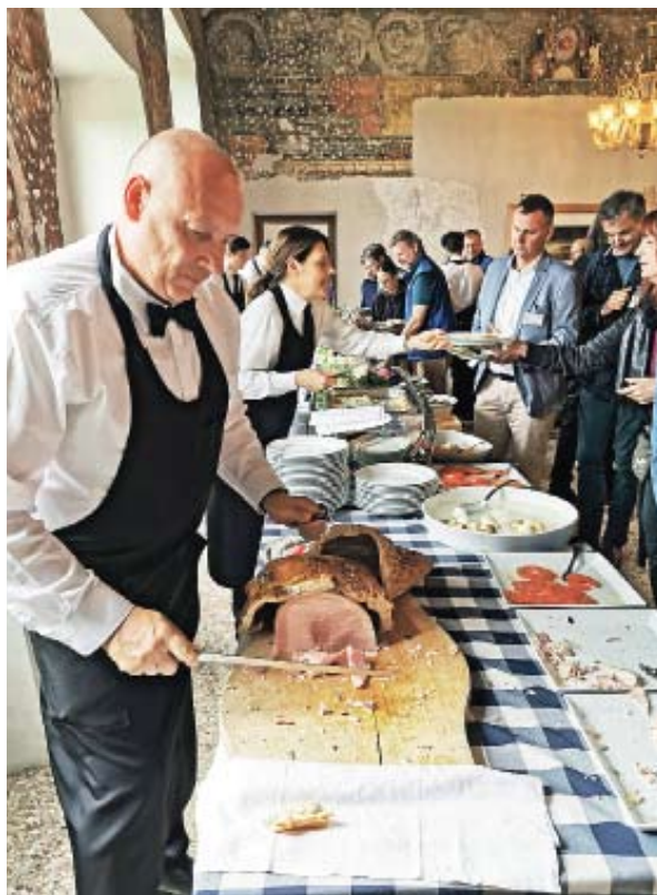
Harald Welzer, das Publikum, die Rosen und eine Pfeife (oben); der Buffetraum auf der Abbazia, mit und ohne Konsumenten. Verzicht braucht hier nicht geleistet zu werden; konsumiert wird Regionales vom Feinsten

braucht zwölf Prozent seiner Fläche für parkende Autos! E-Autos seien „das Methadon der fossilen Kultur“ (Schellnhuber widerspricht umgehend, E-Autos seien sehr wohl sinnvoll). Die autolose Stadt sollte eine analoge Stadt sein, sagt Welzer, das Auto verhindere das, und eine große Koalition aus Regierung und Autoherstellern. Kinder in Warnwesten, man denke!
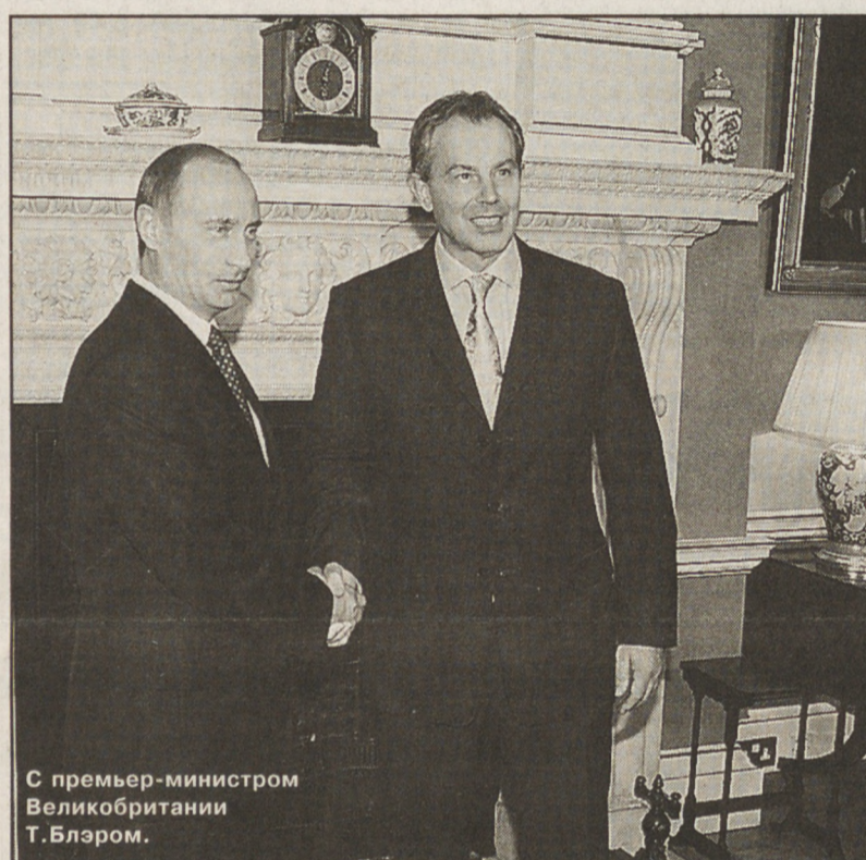
С премьер-министром Великобритании Т.Блэром.
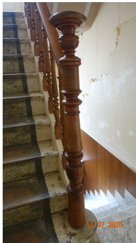
5. Poteau de départ

◀ Marbre : conservé Garde-corps : conservé Lambris : supprimé Cimaise de plafond : conservées Moulures sur paillasse d'escalier : conservées
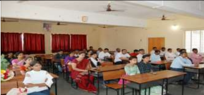
Staff and Students present during workshop
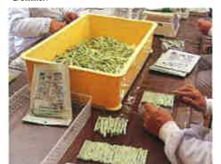
ペットフードの検品、封入
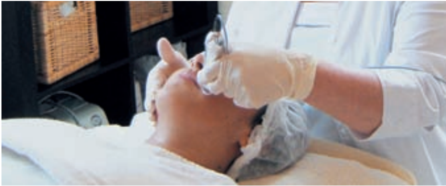
Die Haut wird mit speziellen Behandlungen und typgerechter Heimpflege optimal auf den Eingriff vorbereitet

Kundin schnell vergisst, wie sie vor dem Eingriff aussah. So lässt sich immer vergleichen, welche Verbesserung durch den Eingriff stattgefunden hat. In der Kundenkarteikarte sowie in einem separaten Unterspritzungs-Pass, den die Kundin erhält, werden verwendete Produktmenge, Wirkstoff und unterspritzte Gesichtspartien schriftlich festgehalten.
┄┄┄┄┄┄┄┄┄┄┄┄┄┄┄┄┄┄┄┄
Task requirements>
Which lines of the data contain the string "wird"? Copy each one.

Result below>
Harald Welzer, das Publikum, die Rosen und eine Pfeife (oben); der Buffetraum auf der Abbazia, mit und ohne Konsumenten. Verzicht braucht hier nicht geleistet zu werden; konsumiert wird Regionales vom Feinsten
Die Haut wird mit speziellen Behandlungen und typgerechter Heimpflege optimal auf den Eingriff vorbereitet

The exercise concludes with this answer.